Over time, several seismic events can occur in the same geographic area, with each event causing a corresponding vertical waveform and horizontal waveform. Once several observations have been collected, the waveforms can be summed together for the vertical component and for the horizontal component. The summed seismogram reduces random noise and makes it easier to see a pattern in the data. By visual inspection, or more commonly by deconvolution of the two waveforms, it is possible to identify each of the relevant phases of the P wave conversions. With the timing of the phases, it is then possible to model the seismic velocities within the crust and the Moho depth beneath the seismic station.

=== Stacking ===

Where there are many adjacent seismograph stations, it is possible to "stack" receiver function data across seismograph stations to build a 2D or even 3D model of the depth of the Moho. This is possible because each station can determine the depth of the Moho at its own location (essentially a 1D measurement). Data from multiple individual data points from adjacent stations can be grouped together and plotted side by side to create a unified graph of the Moho depth over a given area.

For deeper interfaces in the mantle, the moveout of Ps converted phases can be corrected for by delaying the time window of the horizontal-component seismograms by a predicted delay time. This delay will align the phases of any pulses on the horizontal components that suffer the predicted time delays.

== Applications ==
Receiver functions contain detailed information on the average seismic velocities within the crust and on the depth of the Moho at a specific location. This data alone can be useful in obtaining information about a specific location. But when receiver function data from one seismic station is combined with data from many other stations, it is possible to build a detailed map of the Moho depth and of seismic velocity across a large geographic area. The dipping top surfaces of subducting lithosphere is often sufficiently sharp to generate P-to-S converted phases that can be detected at depths up to 100 km or more.

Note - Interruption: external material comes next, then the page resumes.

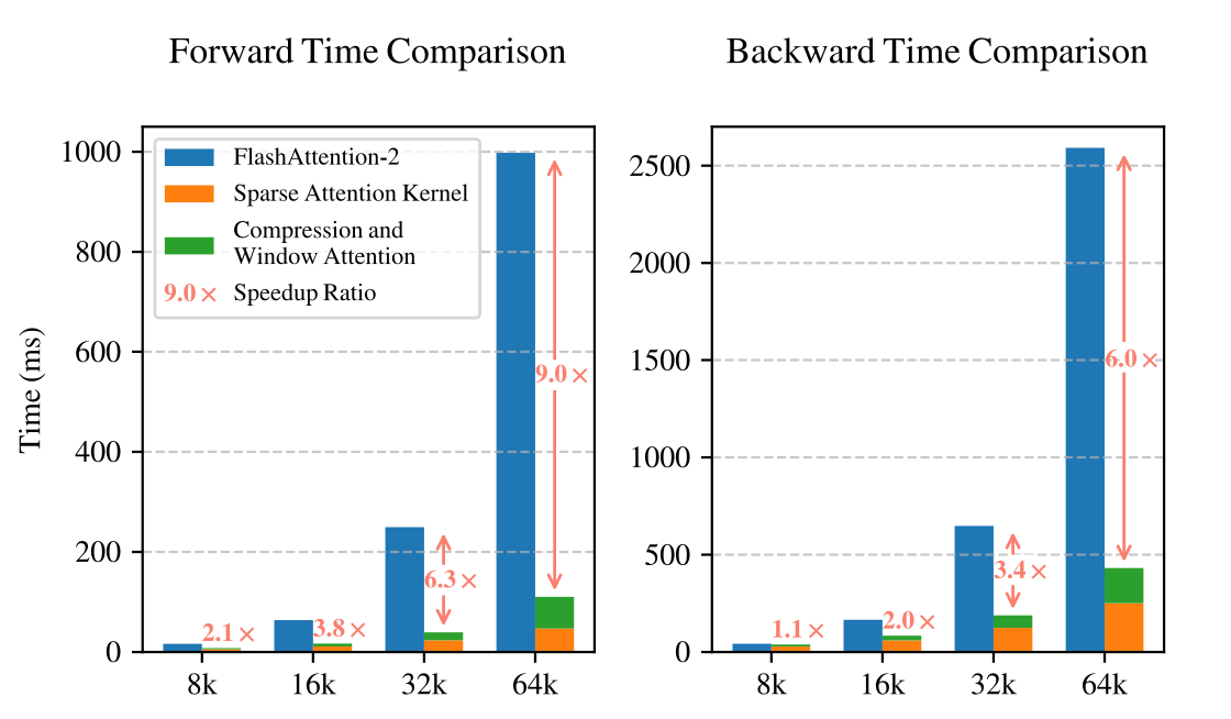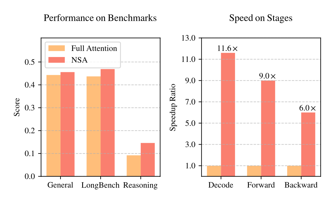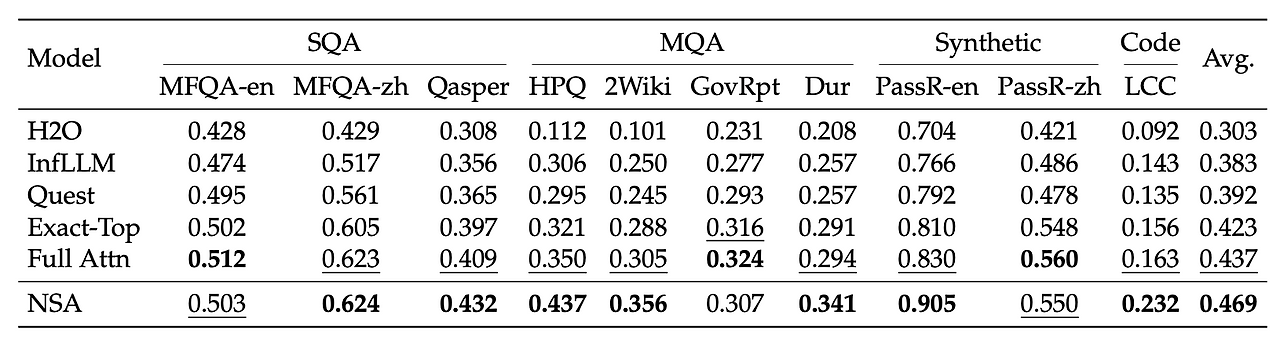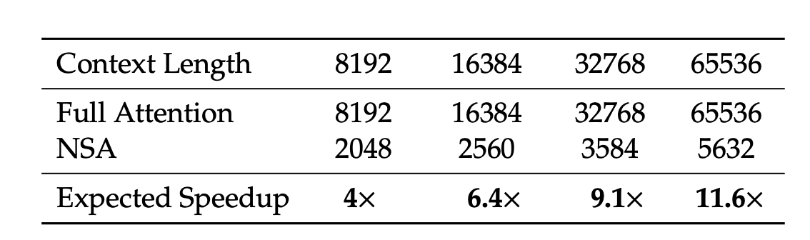 즉, NSA는 긴 문맥을 처리할 때 성능과 연산 효율성을 모두 잡은 새로운 희소 어텐션 방식임이 입증되었다.

This data can be used for a variety of purposes. It can be used to note variations in the depth of the crust. Receiver functions have been used, for example, to discover depressions in the Moho below mountains in southwest Japan. This data can also be used to better understand earthquakes that cause natural disasters. Additionally, maps of seismic velocities and crustal thickness are useful as baseline data for additional seismological studies.

Data from receiver functions can also be used in conjunction with data, such as data from controlled source seismology, to provide higher resolution 3D maps of the Earth's crust.